Your copy should contain exactly the lines from the start of the listing through the line that holds "Реверс: Изображения мужчины", and no pictures.

Given information:

***

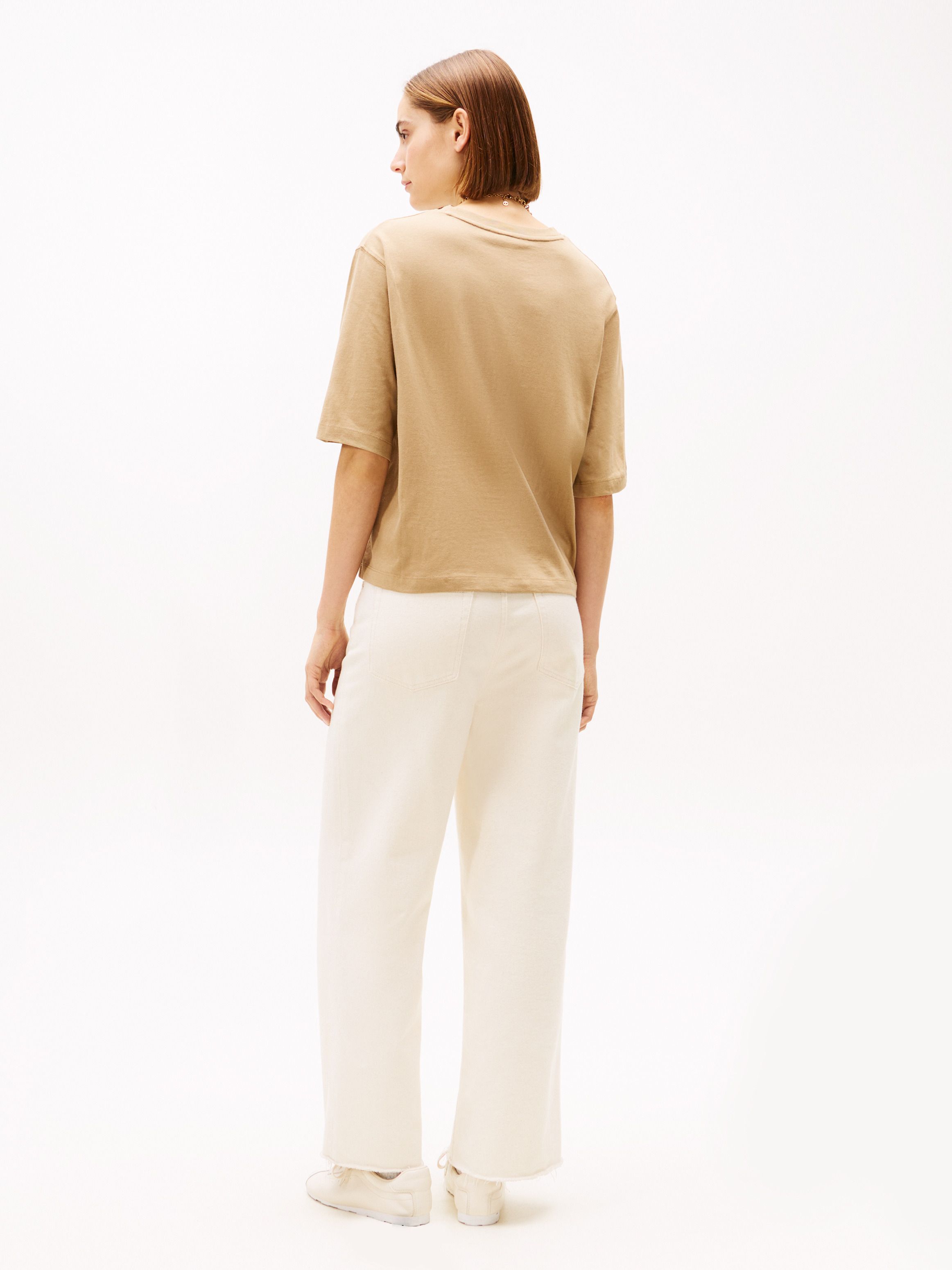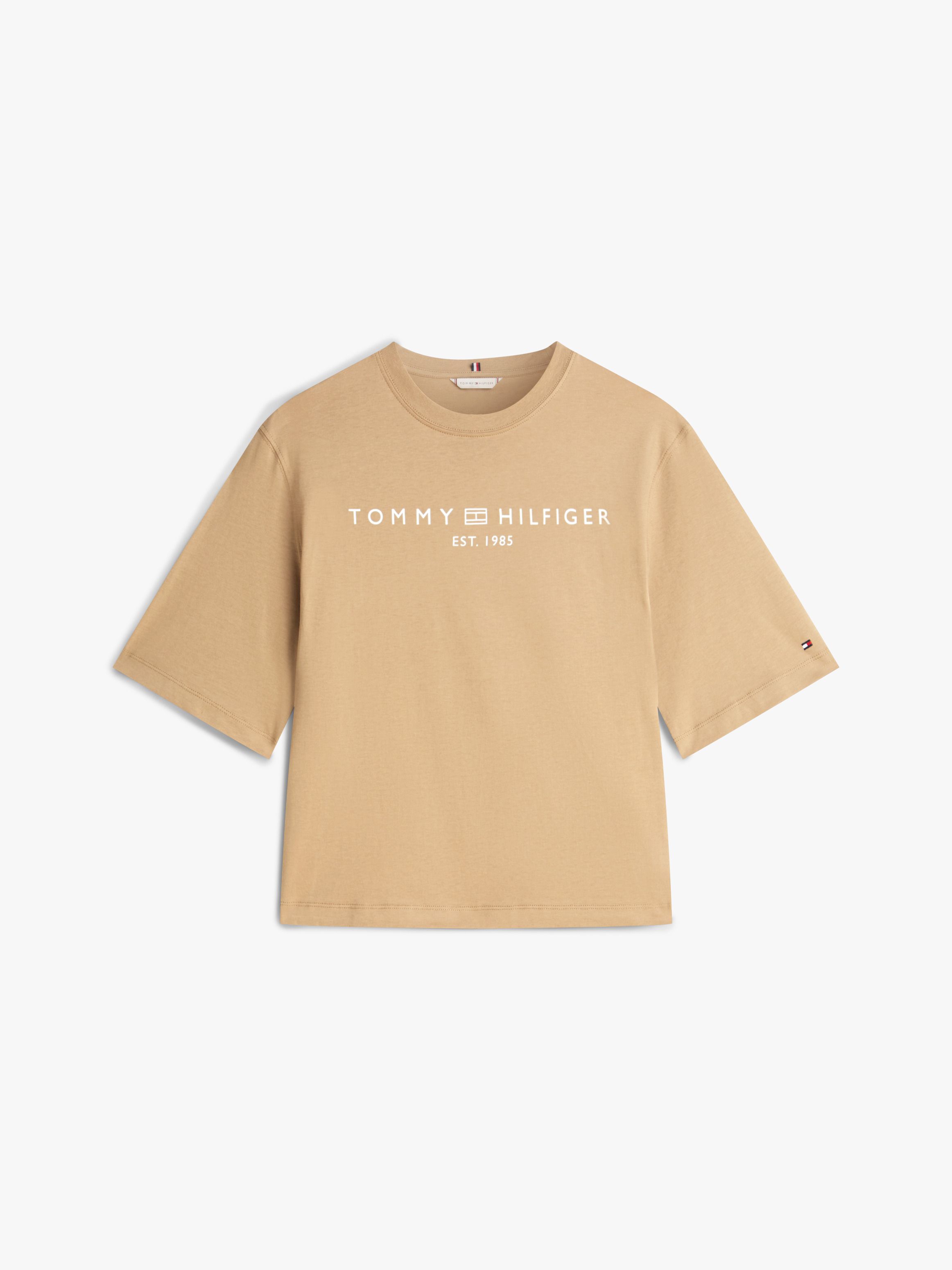 تيشيرت بياقة دائرية يقدم لمسة عصرية على تصميم الشعار الكلاسيكي، ويأتي بقصّة مريحة وأكمام بثلاثة أرباع على شكل شبه منحرف لمظهر حديث ومميّز.
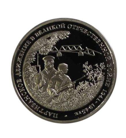 Реверс: Изображения мужчины и женщины с оружием в руках в окружении деревьев, на втором плане - взорванный мост, по окружности - надпись: "Партизанское движение в Великой Отечественной Войне 1941-1945 гг.".
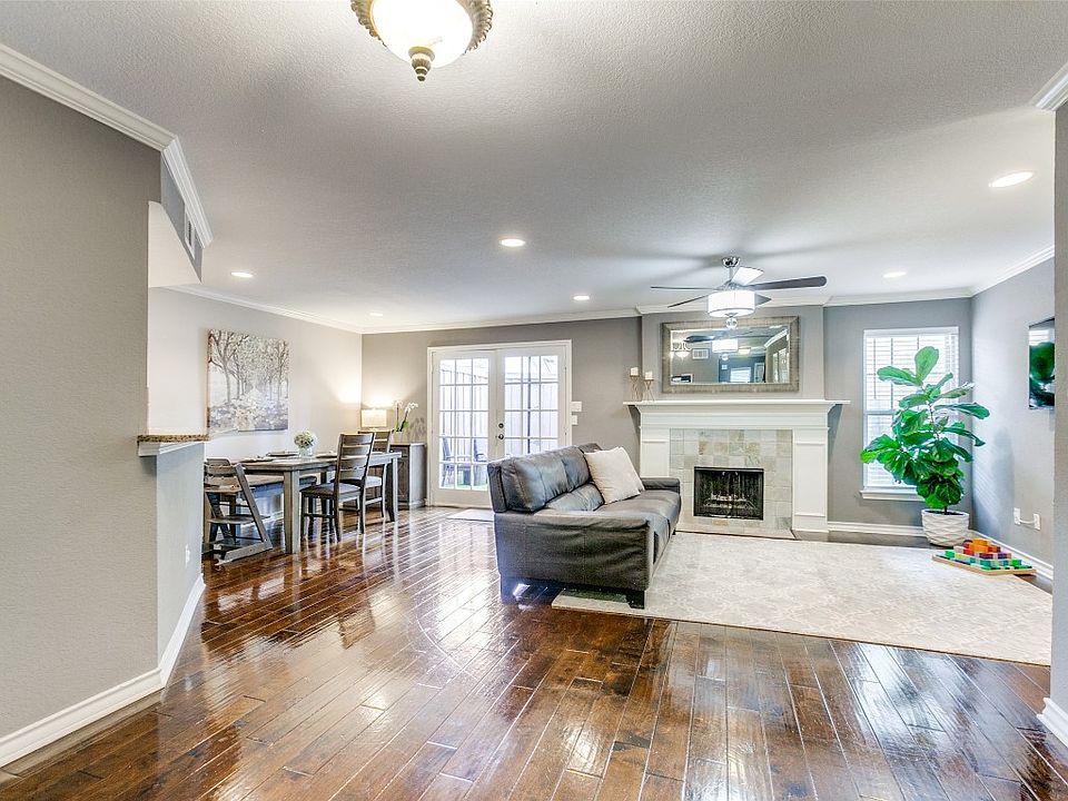 Bring the family and move right in to this beautiful updated three bedroom, 2.5 bath townhome. Lots of updates. New roof with warranty in 2023, New ac upstairs in 2021, new ac downstairs in 2022, new dishwasher in 2023, Backyard turf in 2019. all the other appliances in 2018. Kitchen features stainless steel appliances, glass front cabinetry, granite counter tops, tumbled marble back splash and is open to spacious living area with wood burning fireplace and French doors that open to large flagstone patio. Tons of storage, spacious bedrooms, wood floors downstairs, crown molding, updated paint make this home move in ready. Great backyard and patio to relax and enjoy your favorite beverage. Nice community pool is also a part of the HOA and is a short walk down the street. This will not last long.

***

Solution for this problem:
 تيشيرت بياقة دائرية يقدم لمسة عصرية على تصميم الشعار الكلاسيكي، ويأتي بقصّة مريحة وأكمام بثلاثة أرباع على شكل شبه منحرف لمظهر حديث ومميّز.
 Реверс: Изображения мужчины и женщины с оружием в руках в окружении деревьев, на втором плане - взорванный мост, по окружности - надпись: "Партизанское движение в Великой Отечественной Войне 1941-1945 гг.".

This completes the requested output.